2. Créer, affirmer et délimiter l’espace du « broglio onesto »

2.1. L’inéluctabilité du « broglio »

Privés d’existence officielle, le « broglio » et les rituels qui lui sont attachés étaient exclus du mythe vénitien car ils entraient en concurrence et contredisaient le principe républicain et chrétien de la Sérénissime selon lequel les offices devaient être pourvus par les meilleurs patriciens choisis librement et de manière désintéressée. Bien qu’il contredise ce principe, il représentait pourtant un espace et une étape de socialisation inéluctable pour tous les patriciens, jeunes ou âgés, ambitionnant une carrière politique. C’est cette fonction de socialisation du « broglio » que tous les auteurs mirent en avant dans leurs textes, que ce soit en début ou en fin de carrière, tout au long de l’année et après les élections même si elles avaient été un échec.

Sansovino fut le premier à souligner l’importance du « broglio » dans la vie d’un patricien 710 :

« Je ne parle pas ici des sollicitations au Rialto et près du Palais qui, comme vous le savez beaucoup mieux que moi, sont nécessaires à toute personne née noble dans cette ville : en adoptant un autre comportement, tu donnerais l’image d’un homme qui assimile les affaires publiques à un jeu et en conséquence vous seriez tenu pour un homme qui blague »711 .
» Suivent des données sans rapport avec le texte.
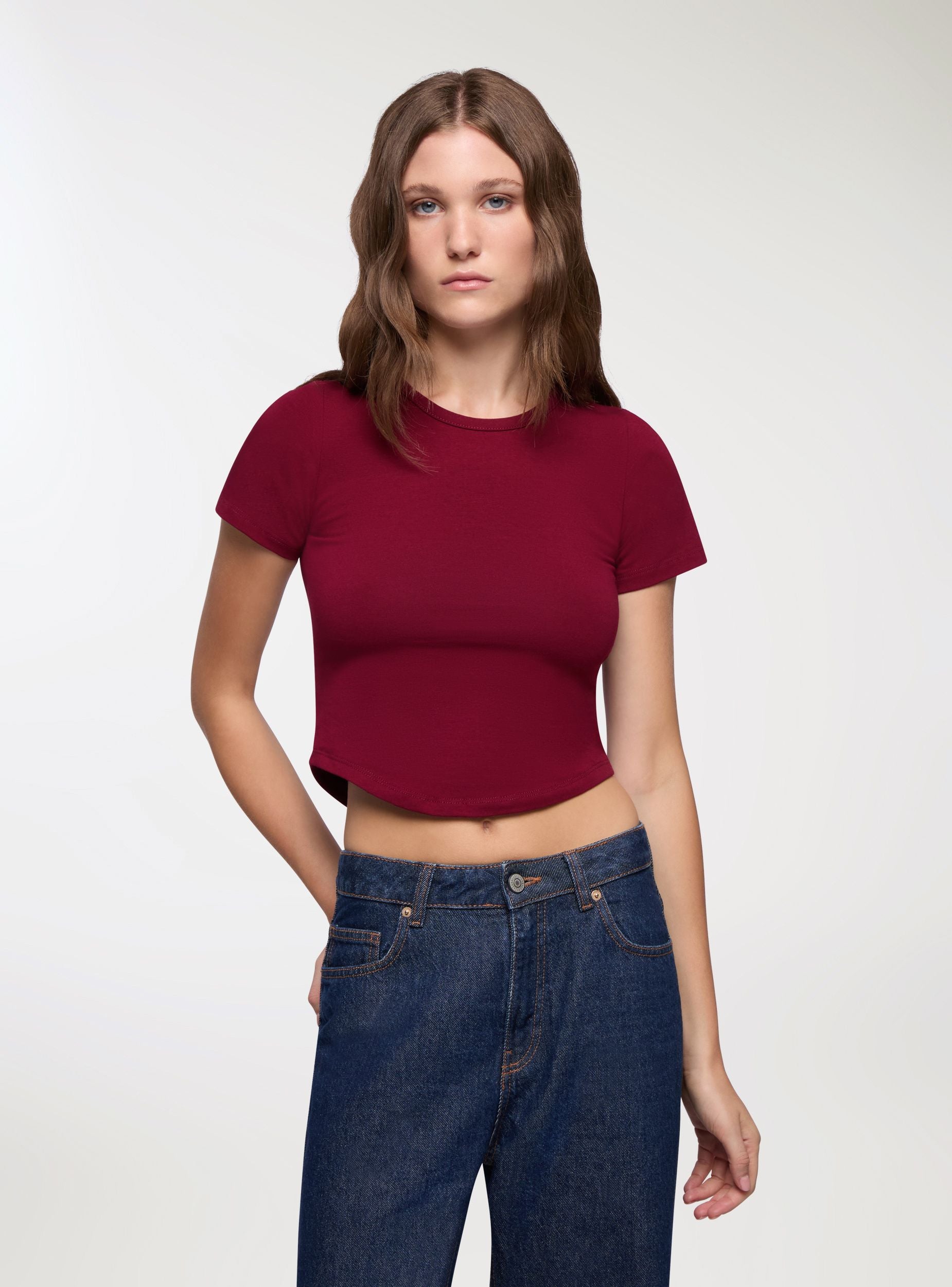 T-shirt crop a tinta unita

Cette citation, reprise plus tard par Colluraffi, met en exergue le lien étroit entre participation au « broglio » et réputation. Selon Sansovino, Colluraffi et Erizzo, oublier ou éviter un tel espace de socialisation pouvait être interprété comme un signe de dédain et d’arrogance qui ruinerait pour longtemps la réputation politique du patricien712. Erizzo, par exemple, précise à son fils que son apparition sur cette place était un moment crucial pour sa carrière politique. Ce « grand théâtre de la place ou du “broglio” » était en effet un des écueils les plus dangereux du citoyen dans la République de Venise713 car il s’y formait les opinions sur les

710

Les autres auteurs, exceptés Colluraffi, ne disent pas explicitement si le « broglio » est nécessaire ou superflu.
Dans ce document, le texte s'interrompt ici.